# [Problem]
Give back, unaltered, the lines from the one with "Wire type and" to the end of the material, omitting pictures.

········

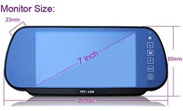way: Clip on your exist rear mirror (If you car doesn't install rear mirror, please chose stand monitor)In The Box1 * Rear mirror monitor1* Backup Camera1*10M Extension Cable1*Power Cable1 * ManualFQA1. How to wire it? It is very easy for wiring.
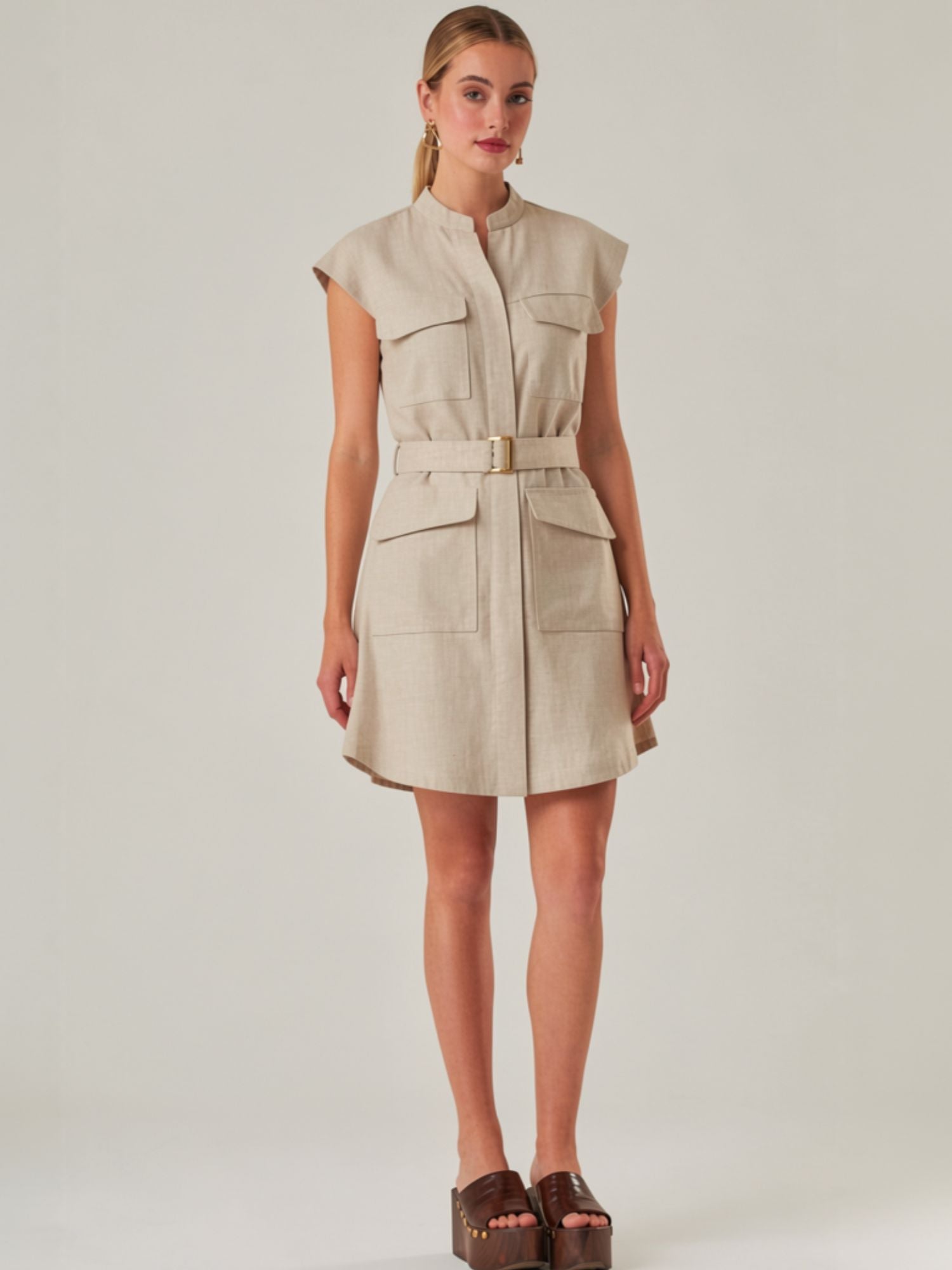 Vestido corto que destaca por su silueta relajada y versátil, diseñado con cuello tipo neru y manga corrida, aportando un estilo moderno y sofisticado. Su corte comfort fit brinda comodidad y libertad de movimiento, mientras que la cintura se define con un cinturón del mismo textil, logrando una figura equilibrada sin perder frescura.
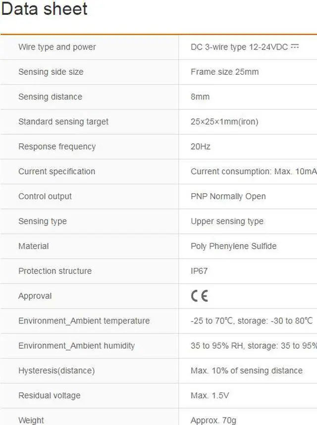 Wire type and power : DC 3-wire type 12-24VDC
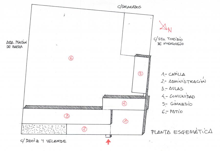 El edificio está descompuesto en cinco cuerpos con forma de paralelepípedo que totalizan una superficie sobre rasante de 4.468 m2, dedicados respectivamente a administración, capilla, gimnasio, aulas, y residencia de la comunidad. Estos dos últimos son los que conforman el núcleo principal del conjunto con tres niveles y una planta en forma de Z, situándose las escaleras, una para cada pabellón, espalda contra espalda, justo en el quiebro. A este volumen se adosan los tres cuerpos restantes, exclusivamente en planta baja.
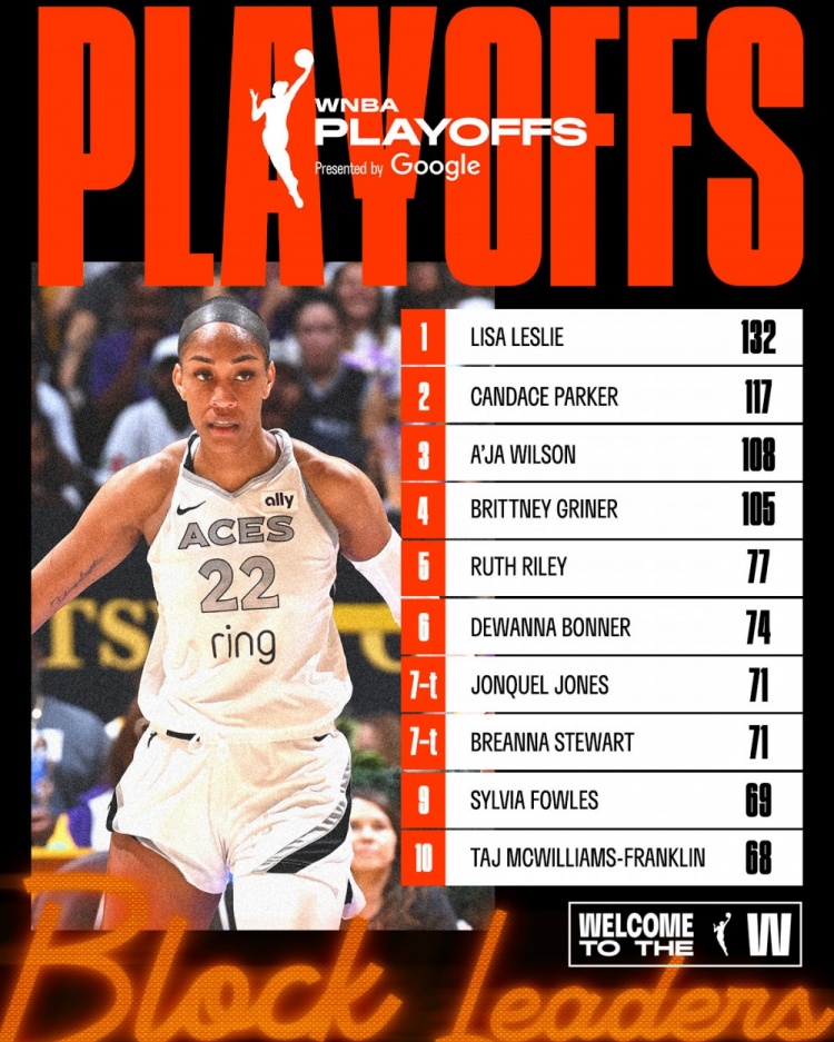 據(jù)統(tǒng)計(jì),本場過后阿賈-威爾遜在季后賽蓋帽數(shù)來到108個(gè),她也超越格里娜,獨(dú)居WNBA歷史第3位。在她身前是坎迪斯-帕克的117次和麗莎-萊斯莉的132次。

········

# [Output below]
 Wire type and power : DC 3-wire type 12-24VDC
 El edificio está descompuesto en cinco cuerpos con forma de paralelepípedo que totalizan una superficie sobre rasante de 4.468 m2, dedicados respectivamente a administración, capilla, gimnasio, aulas, y residencia de la comunidad. Estos dos últimos son los que conforman el núcleo principal del conjunto con tres niveles y una planta en forma de Z, situándose las escaleras, una para cada pabellón, espalda contra espalda, justo en el quiebro. A este volumen se adosan los tres cuerpos restantes, exclusivamente en planta baja.
 據(jù)統(tǒng)計(jì),本場過后阿賈-威爾遜在季后賽蓋帽數(shù)來到108個(gè),她也超越格里娜,獨(dú)居WNBA歷史第3位。在她身前是坎迪斯-帕克的117次和麗莎-萊斯莉的132次。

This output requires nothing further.